What Is the Most Cost-Efficient Way to Heat Your Home?

 
Home insulation Used to Heat Home

Photo by: Shutterstock

Winter weather can differ widely depending on your home’s location. Winters in Southern California are temperate, while the temperature in the Northeastern United States can dip below zero with alarming frequency this time of year. Temperatures in Texas, meanwhile, can range from mild to freezing within the same season. There is no one-size-fits-all solution when it comes the most cost-effective way to heat a home. Use these tips to find the most effective way to keep your home toasty this winter.

Know your climate: First, research the climate extremes in your area and take note. Insulation is the first place to start making changes to maximize your home’s efficiency, and to choose the right insulation for your home, you'll need to be armed with these numbers. There are plenty of energy-efficient HVAC systems and heaters on the market today, but if your house isn’t properly insulated, the best heater on the planet will be of little use.

Choose insulation wisely: Many eco-friendly insulation options are available for today’s homeowners, including expanding foams, non-fiberglass insulation batts, foam boards, radiant barriers and even denim.
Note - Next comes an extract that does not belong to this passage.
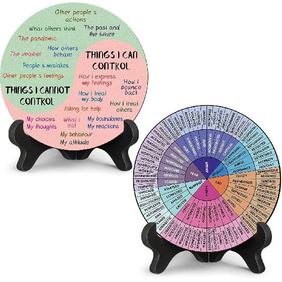 Therapy Office Supplies: these office desk decorations for women are designed with 2 styles, including an awareness feelings wheel chart and things I can control, can help you regulate your negative emotions and embrace a positive attitude towards life
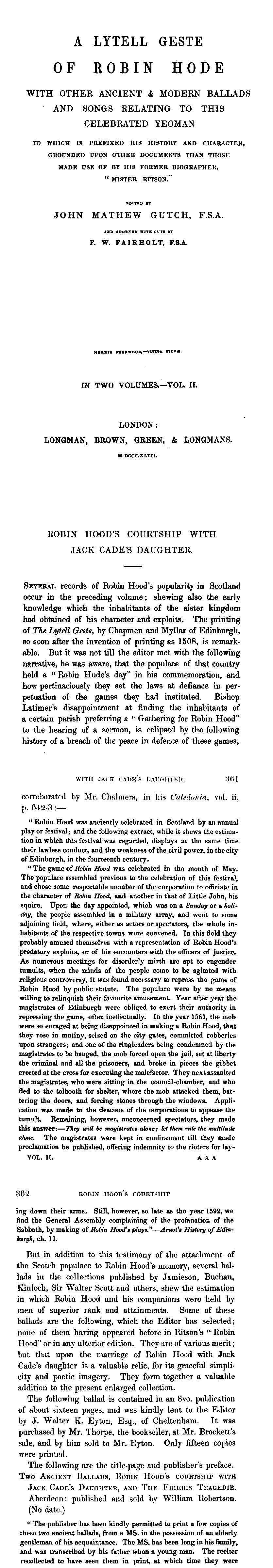 Robin Hood’s Courtship with Jack Cade’s Daughter

Each has its own pros, cons and price point, so do your research and talk to a few experts before you make a commitment. Be sure to check out insulation kits for doors and windows, as well. Insulation’s job is to stop the transmission of heat. An insulation product’s R-value indicates how effective it will be at keeping heat from escaping your home. For example, the humble t-shirt has the same R-value number as a single pane of glass—two. Insulation is available in R-values from four to over 30. Higher numbers can be obtained by layering batts with different R-values.

Consider alternative heating methods: Once your home is insulated, consider alternative heating methods if the price of a new HVAC system isn't feasible. Consider an efficient fireplace, such as a corn or wood pellet stove—just keep in mind that these require permits and come with strict installation guidelines. A less expensive option would be to install a solar heating module for daytime heating. At night, space heaters can be used to heat individual bedrooms. Be certain to select the proper size of heater for each room based on square footage.

By using space heaters in only in occupied rooms, you won’t be needlessly heating the entire house and lower your utility costs. Using electric blankets can also offset the cost of heating during the night.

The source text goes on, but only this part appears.